### WORK ORDER
Within the listing below, give again exactly the lines between the one containing "お茶をいかがですか ① 繁田園ポスター（当館蔵）" and the one containing "Beaupassage - PARIS | 17", inclusive, pictures left aside.

-- Opening Marker --

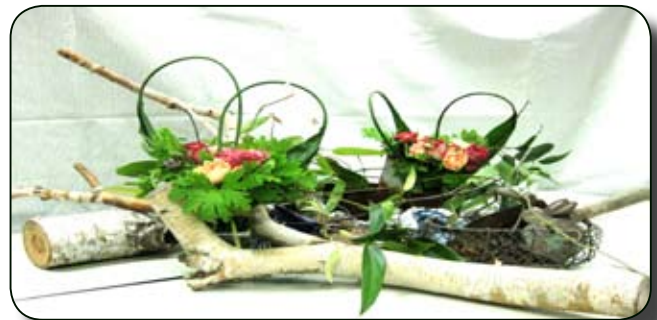
グループ作品の例

ハウス、山菜のフレンチ、ハーブティー」白樺、ガーデン用品を添えて・・・、グループがイメージの動機付けを説明しました。同じ花材、アレンジメントを使っても各グループが大変個性的に、大きな空間、世界を現し目を見張りました。先生の素晴らしい御指導の元、この様に個性を尊重して頂け、正に余韻を心に、楽しい一時を過せ、梅雨空も心晴々と成りました講習会でした。とても楽しかったので今後お友達をお誘いしたいな、と帰路思いました。(興石)
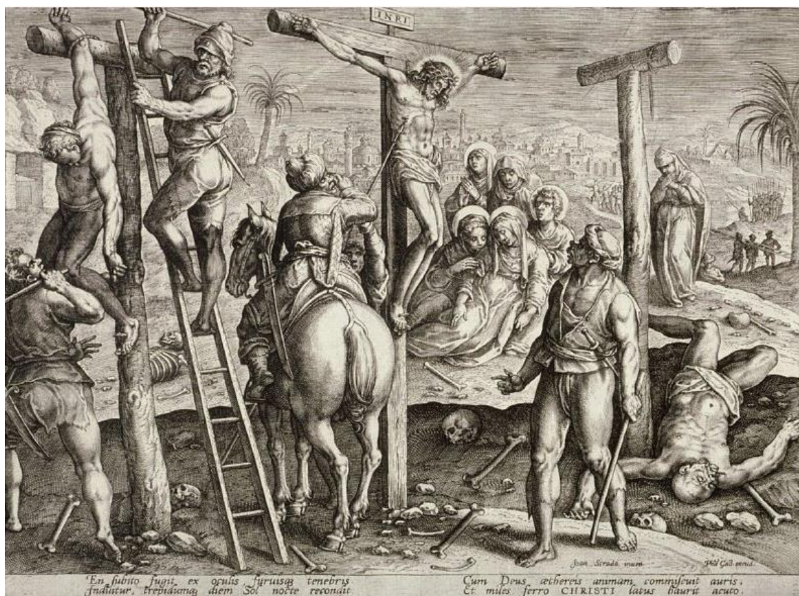
P. Galle podľa J. Van der Straet (Stradanus): Kristus prebodnutý kopijou (z cyklu Utrpenie, smrť a zmŕtvychvstanie nášho Pána Ježiša Krista, 16.-17.st.)
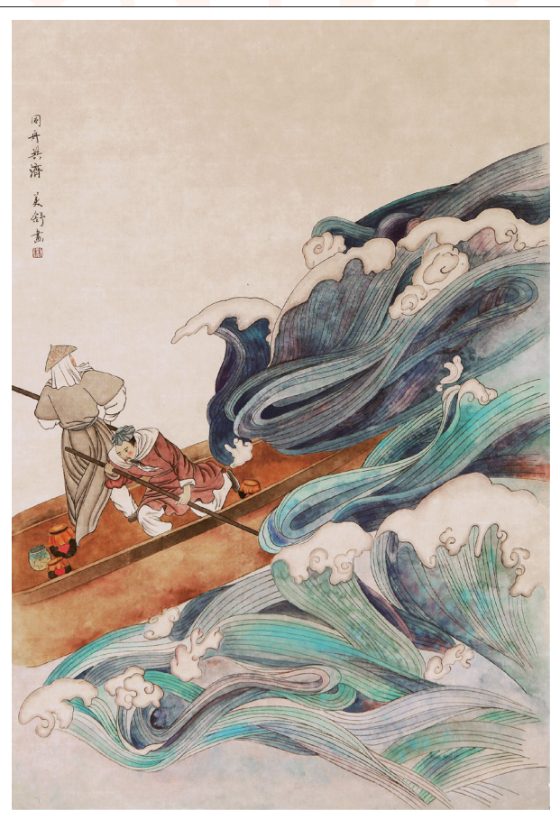
《同舟共济》 林美舒 作
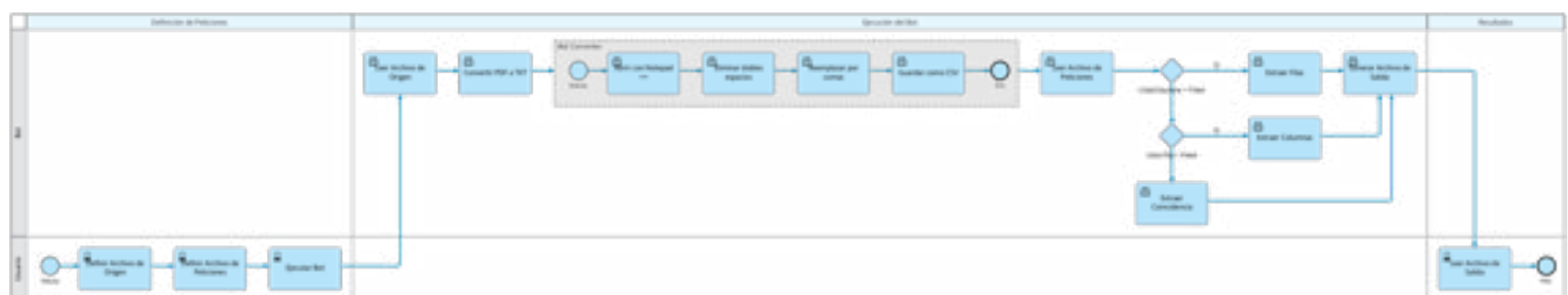
DIAGRAMA DE FLUJO
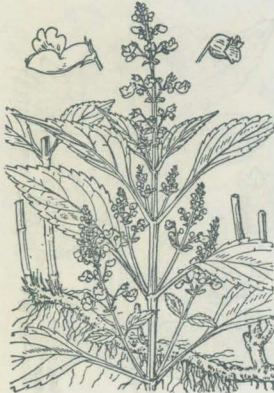
第 3343 図
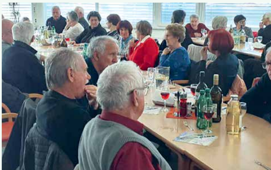
Srečanje starejših v Domu starejših občanov Novo mesto.

bili naše starejše na srečanje, ki smo ga organizirali v Domu starejših občanov Novo mesto. Srečanje smo obogatili s kulturnim programom, ki je vedno prisrčen, saj nastopajo otroci Podružnične šole Birčna vas. Za trud in pripravljenost se učiteljicam in otrokom zahvalujemo. V naši krajevni skupnosti je 169 krajanov starejših od 72 let, srečanja se jih je udeležilo 54.
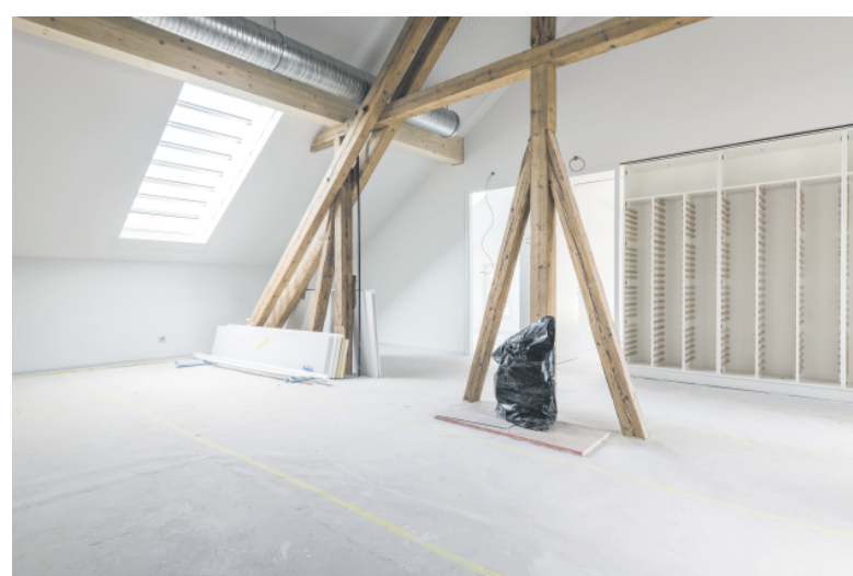
Physiotherapie im Dachgeschoss.
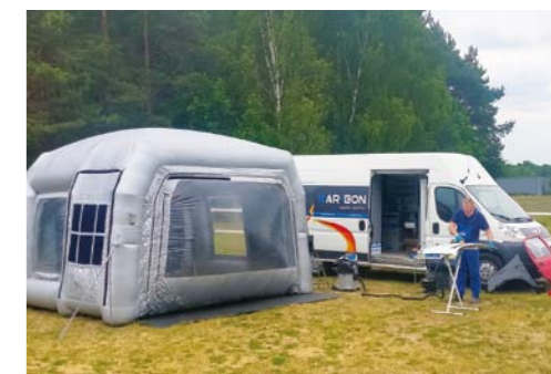
MOBILNE CENTRUM SZKOLENIOWE PROFIX ROZWIĄDUJE PROBLEMY LAKIERNIKÓW W DOWOLNYM MIEJSCU I CZASIE
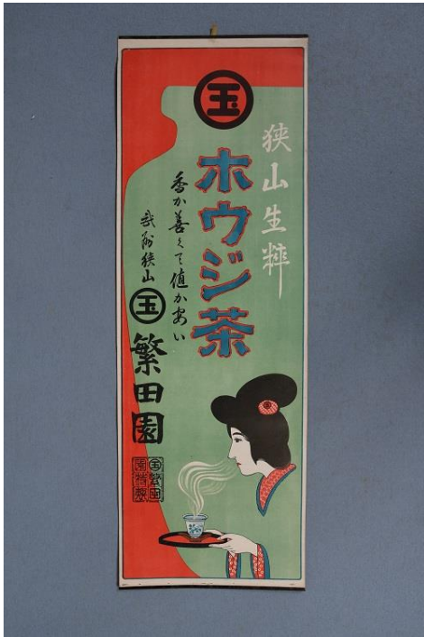
お茶をいかがですか ① 繁田園ポスター（当館蔵）
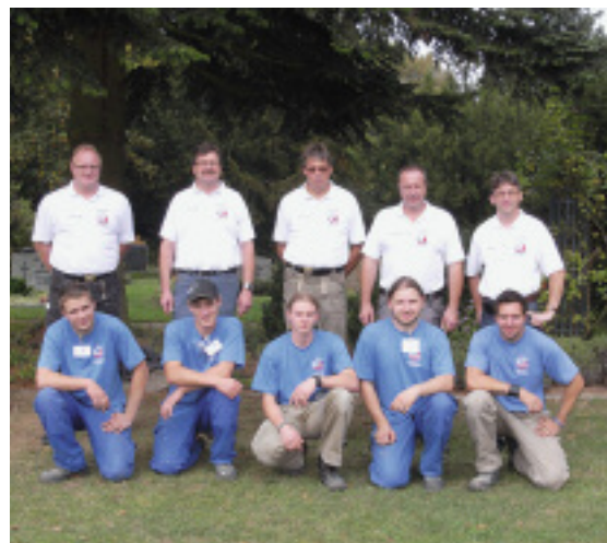
Die Teilnehmer am Lehrlings-symposium in Wetzlar

Außerdem fanden Führungen über den Neuen Friedhof und eine Besichtigung des Ulmer Krematoriums statt.
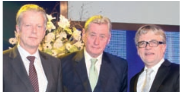
Bundesminister Reinhold Mitterlehner, Industrieller Hannes Androsch, voestalpine-Chef Wolfgang Eder
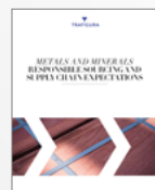
金属和矿产负责任采购及供应链要求
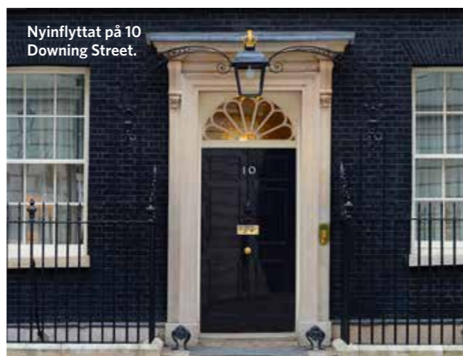
Nyinflyttat på 10 Downing Street.

Produktion Kung & Partners Tryck Åtta.45, Solna
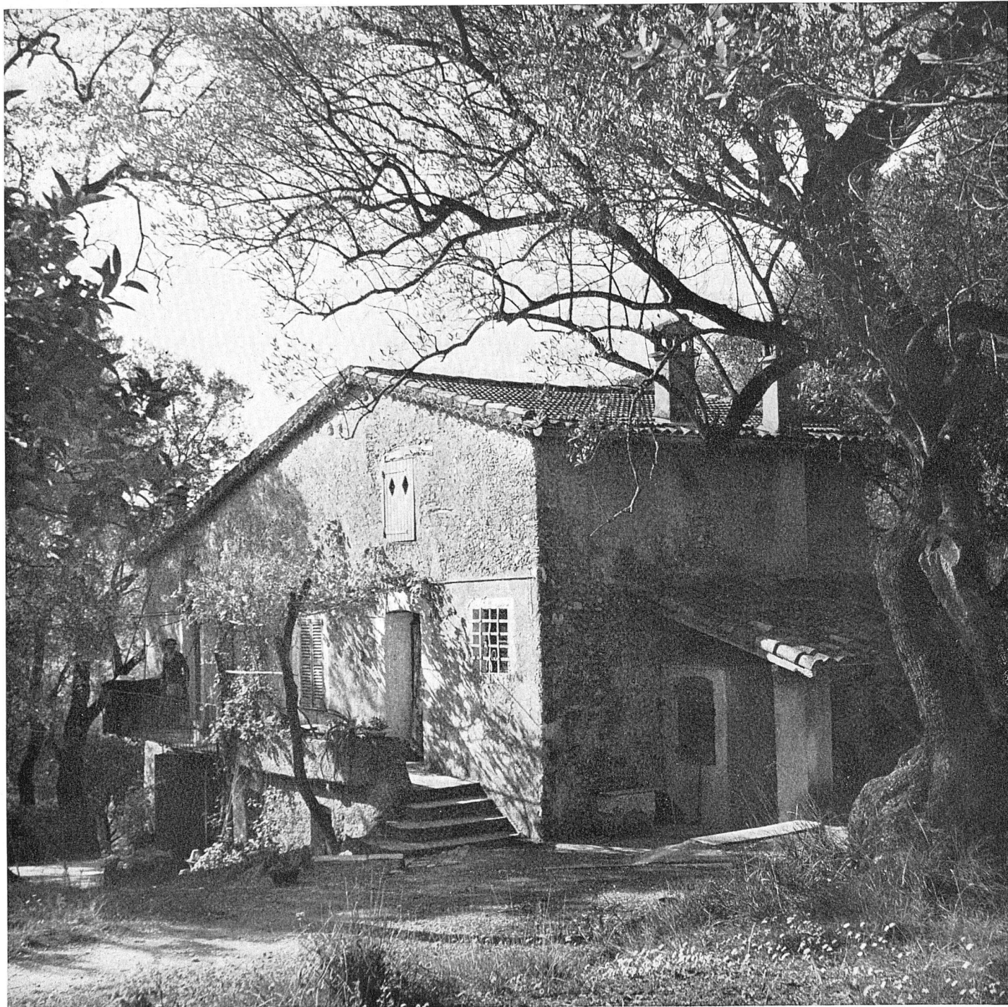
La maison du jardinier
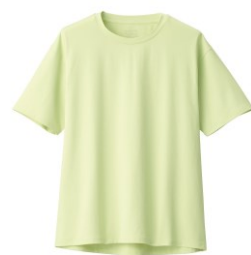
\ 抗UV吸汗速乾聚酯纖維短袖T恤 /

吸汗速乾的T恤，同時具有抗UV的機能，可延長在陽光下的活動時間；彈性布料與無肩線的設計，不論做任何運動都能活動自如。
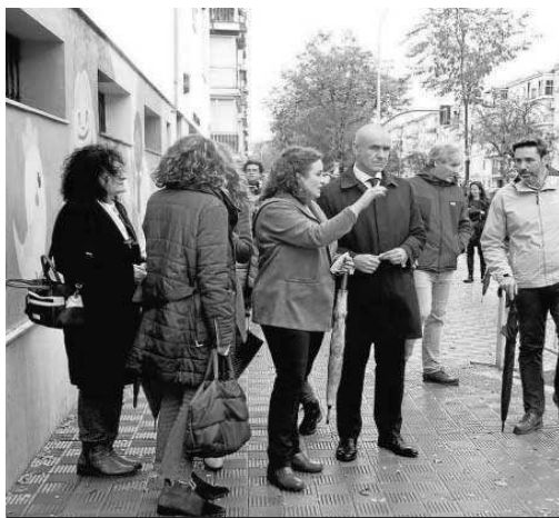
El alcalde durante su visita al entorno del centro de mayores San Eugenio. M. G.

Durante la visita realizada al entorno de este centro de mayores para comprobar el avance de las obras que se están llevando a cabo, el alcalde destacó que "se trata de una de las iniciativas de intervención urbanística en los barrios más ambiciosas que hemos llevado a cabo en este mandato y supone dar respuesta a las demandas de los vecinos". "Estamos al 95% de ejecución de lo planificado y en lo que resta de año se rematarán el resto de proyectos. Gracias a este programa, hemos podido detectar las deficiencias existentes en el viario, llevar a cabo obras muy necesarias en materia de accesibi-
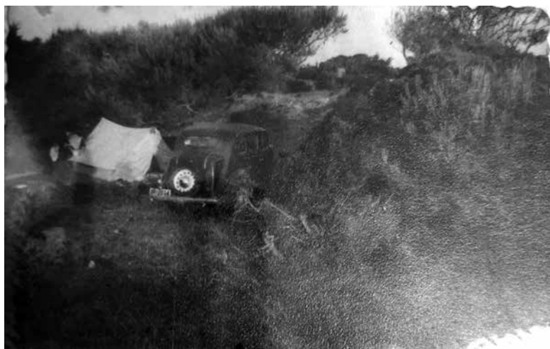
Tenda davall dels pins.
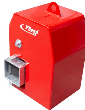
Motvikt, ca 210 kg
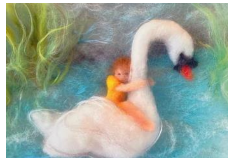
Kaart 'Jongen met Zwaan' van Het Wol Feetje
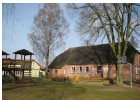
Kitaspielplatz „Spatzennest“ in Lüblow

Das Team Wandern der Interessengemeinschaft Kultur der Gemeinde Rastow lädt herzlich ein zur nächsten Wanderung „Auf den Spuren der Johanniter“ mit kulturhistorischen Erklärungen am Samstag, 17.05.2008
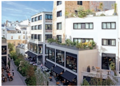
Beaupassage - PARIS | 17
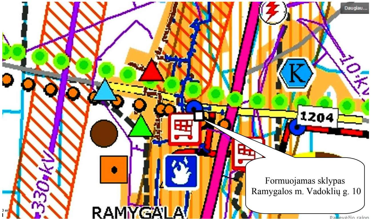
Ištrauka iš Panevėžio rajono savivaldybės teritorijos bendrojo plano.
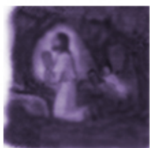
Modlitwa Pana Jezusa w Ogrójcu
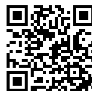
スタンプラリーページサイト

URL : https://e-mono.jr-central.co.jp/shop/e/e6thstamp/
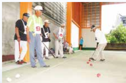
R7.7.31 ゲートボール大会 / 健祥会シェーンブルン
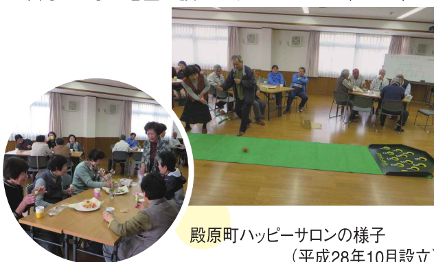
殿原町ハッピーサロンの様子 (平成28年10月設立)
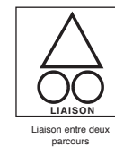
Liaison entre deux parcours
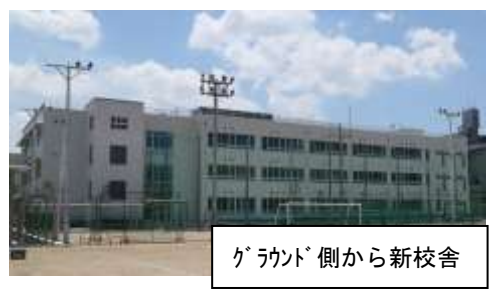
ゲラント側から新校舎

-- Closing Marker --

### RESULT OF THE EXERCISE
お茶をいかがですか ① 繁田園ポスター（当館蔵）
Die Teilnehmer am Lehrlings-symposium in Wetzlar

Außerdem fanden Führungen über den Neuen Friedhof und eine Besichtigung des Ulmer Krematoriums statt.
Bundesminister Reinhold Mitterlehner, Industrieller Hannes Androsch, voestalpine-Chef Wolfgang Eder
金属和矿产负责任采购及供应链要求
Nyinflyttat på 10 Downing Street.

Produktion Kung & Partners Tryck Åtta.45, Solna
La maison du jardinier
\ 抗UV吸汗速乾聚酯纖維短袖T恤 /

吸汗速乾的T恤，同時具有抗UV的機能，可延長在陽光下的活動時間；彈性布料與無肩線的設計，不論做任何運動都能活動自如。
El alcalde durante su visita al entorno del centro de mayores San Eugenio. M. G.

Durante la visita realizada al entorno de este centro de mayores para comprobar el avance de las obras que se están llevando a cabo, el alcalde destacó que "se trata de una de las iniciativas de intervención urbanística en los barrios más ambiciosas que hemos llevado a cabo en este mandato y supone dar respuesta a las demandas de los vecinos". "Estamos al 95% de ejecución de lo planificado y en lo que resta de año se rematarán el resto de proyectos. Gracias a este programa, hemos podido detectar las deficiencias existentes en el viario, llevar a cabo obras muy necesarias en materia de accesibi-
Tenda davall dels pins.
Motvikt, ca 210 kg
Kaart 'Jongen met Zwaan' van Het Wol Feetje
Kitaspielplatz „Spatzennest“ in Lüblow

Das Team Wandern der Interessengemeinschaft Kultur der Gemeinde Rastow lädt herzlich ein zur nächsten Wanderung „Auf den Spuren der Johanniter“ mit kulturhistorischen Erklärungen am Samstag, 17.05.2008
Beaupassage - PARIS | 17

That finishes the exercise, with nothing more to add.